Mariona’s optimism and determination reflect her mum’s energy. Xavier and Maria had been married for a few years when they began to farm their vineyards organically and created the winery. Apart from their desire to try something new, a practical reason lay behind their decision: their grapes were fetching such low prices that they opted to make the switch to winegrowing. “It’s always been a contentious issue: farmers are not being paid fairly for their grapes,” Maria points out. They now make natural wines with minimal intervention: unfiltered, unclarified, fermented in their own naturally occurring yeasts, and with no added sulphites. They also make sparkling wines that hold the Penedès Denomination of Origin seal. What’s more, in order to set themselves apart from conventional cava, they’ve joined the Clàssic Penedès DO. "We want to lend more prestige to our product, which is why we insist on using organic grapes and ageing our wines for at least 18 months,” she explains.

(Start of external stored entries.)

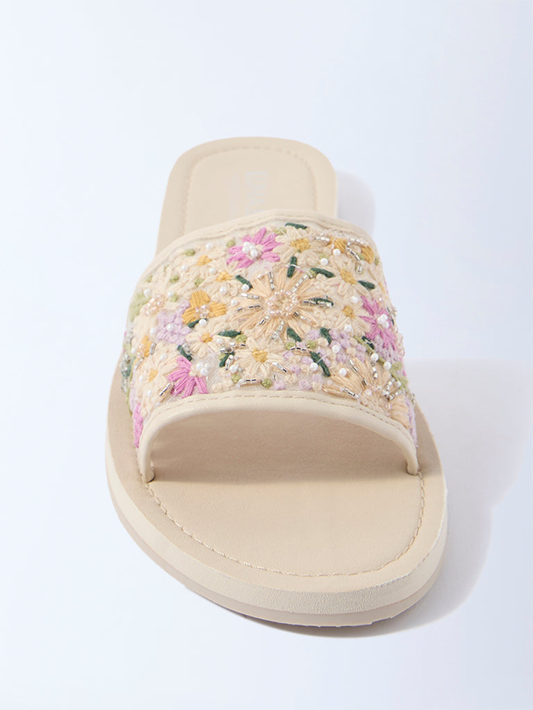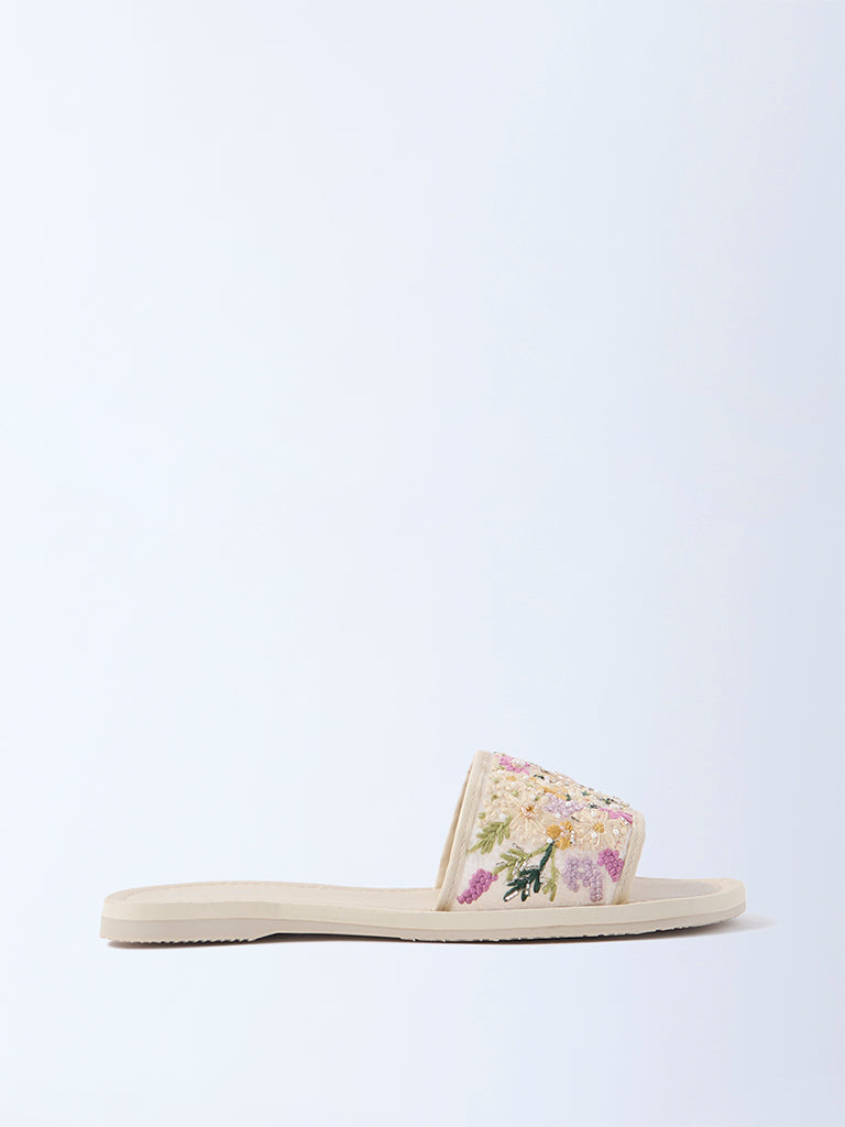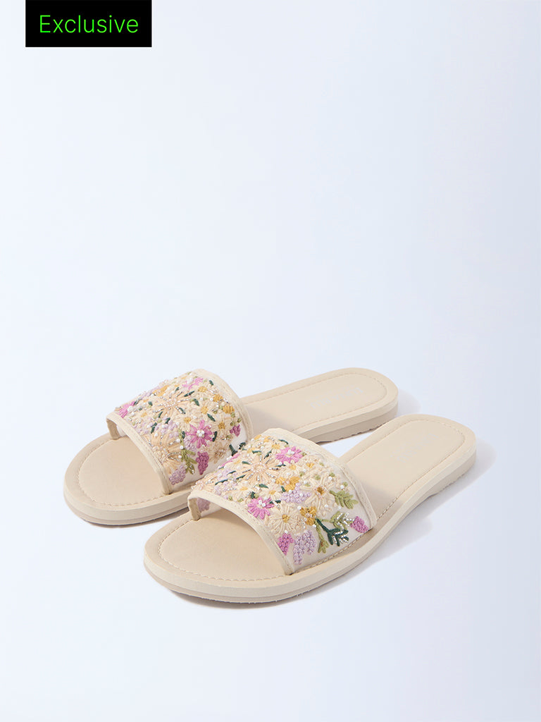 Infuse feminine charm into your warm-weather edit with these cream slides from Luna Blu. styled in a flat open-toe silhouette. The wide strap takes centre stage with delicate floral embroidery in pastel hues. intricately embellished with beads and pearls for a subtle sparkle. Balanced on a clean cream base. this pair effortlessly blends everyday comfort with artisanal detailing.
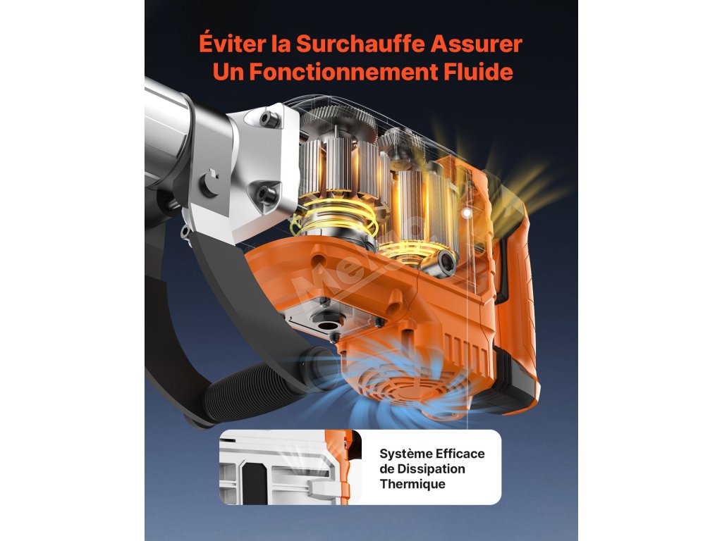 Keď dlho používate ťažké náradie, často sa rýchlo zahreje, ale toto elektrické sekacie kladivo VEVOR zostáva chladné aj počas náročnej práce. Má inteligentný chladiaci systém, ktorý nasáva vzduch cez motor, aby rýchlo odvádzal teplo. Vďaka tomu sa udržiava stabilná teplota stroja, čo mu umožňuje dlhšiu prevádzku bez problémov. Nemusíte často zastavovať, aby ste ho nechali vychladnúť, čo vám pomôže rýchlejšie dokončiť prácu.
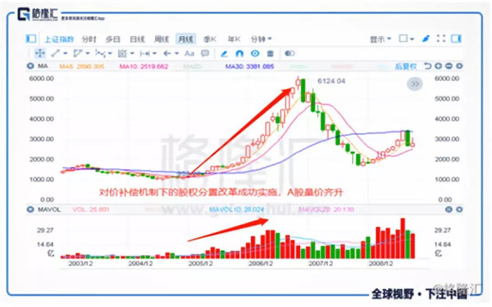 2005年的股权分制改革有了对价补偿机制之后,推行获得成功,也引发了2006年之后A股市场的一波指数涨幅超波澜壮阔的大牛市。
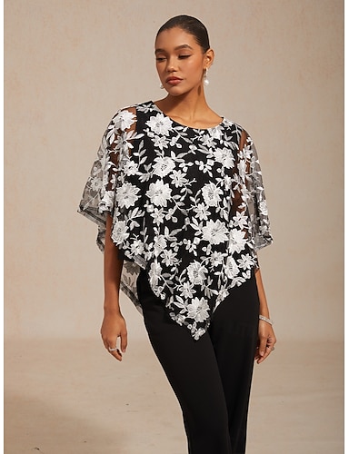 نسائي بلوزة قمصان الدانتيل دانتيل مطرز ورد أنيق نصف كم كم جناج الخفاش رقبة عالية مدورة مناسب للبس اليومي ضيف حفل زفاف أسود الصيف الربيع الخريف

Becoming a winery brought with it a bigger workload. Prior to making the switch, once they’d harvested and sold their grapes, their work in the vineyard was done until the pruning season came around. Winemaking, on the other hand, involves all sorts of additional tasks: bottling, labelling, disgorging, etc. In fact, a visit to the winery not only delights our senses but also triggers thoughts: the typical tasks of an ancient profession instantly come to mind. When they set up the winery, they realised they wanted a closer relationship with the end customer, which is why they started offering guided tours and tastings. Wine tourism is their main business strategy going forward: on the one hand, it enables them to sell their products direct to the customer, removing the need for intermediaries; on the other hand, they appreciate visitors’ recognition of their work. Nothing beats having people taste and praise their wines, or feeling people’s appreciation for their care of the local environment. “We’re delighted for people to come and find out how we work and what goes into the products we make,” explains Maria.

Mariona also enthuses about the wine tourism activities they organise on the estate, since they contribute to raising awareness about farming work, which always goes under the radar. “Without farming, there’d be no food for anyone, but it’s an invisible profession,” she complains. When a friend tells her she lives in the middle of nowhere, she replies: “Keep on making your jokes, but if it wasn’t for the work we do, you wouldn’t be able to live!”

 

«Without farming, there’d be no food for anyone, but it’s an invisible profession» Mariona Morral
 

The importance of seasonal food is one of the many lessons that Mariona has learned growing up in the rural environment of the Can Moral del Molí winery. “You don’t make a tomato salad in winter in Catalonia. There aren’t any!” she exclaims. As she sees it, it makes no sense to bring in cherries on ships and planes so that people can eat them out of season. She’s convinced that a significant amount of awareness-raising activity is required to address the disconnect with nature that many consumers feel. In the past, the lives of everyone on the planet revolved around agricultural and livestock farming. People knew what food the earth provided in each season. “Whereas now there’s more confusion, some people don’t know that peas are a spring crop or that broccoli and cabbage are winter crops,” she muses.

 

Generational renewal in farming

When asked about generational renewal, they’re fairly sure that Mariona is the only one of Xavier’s four children who wants to take the farming project forward, although the whole family helps out in the fields and winery whenever necessary.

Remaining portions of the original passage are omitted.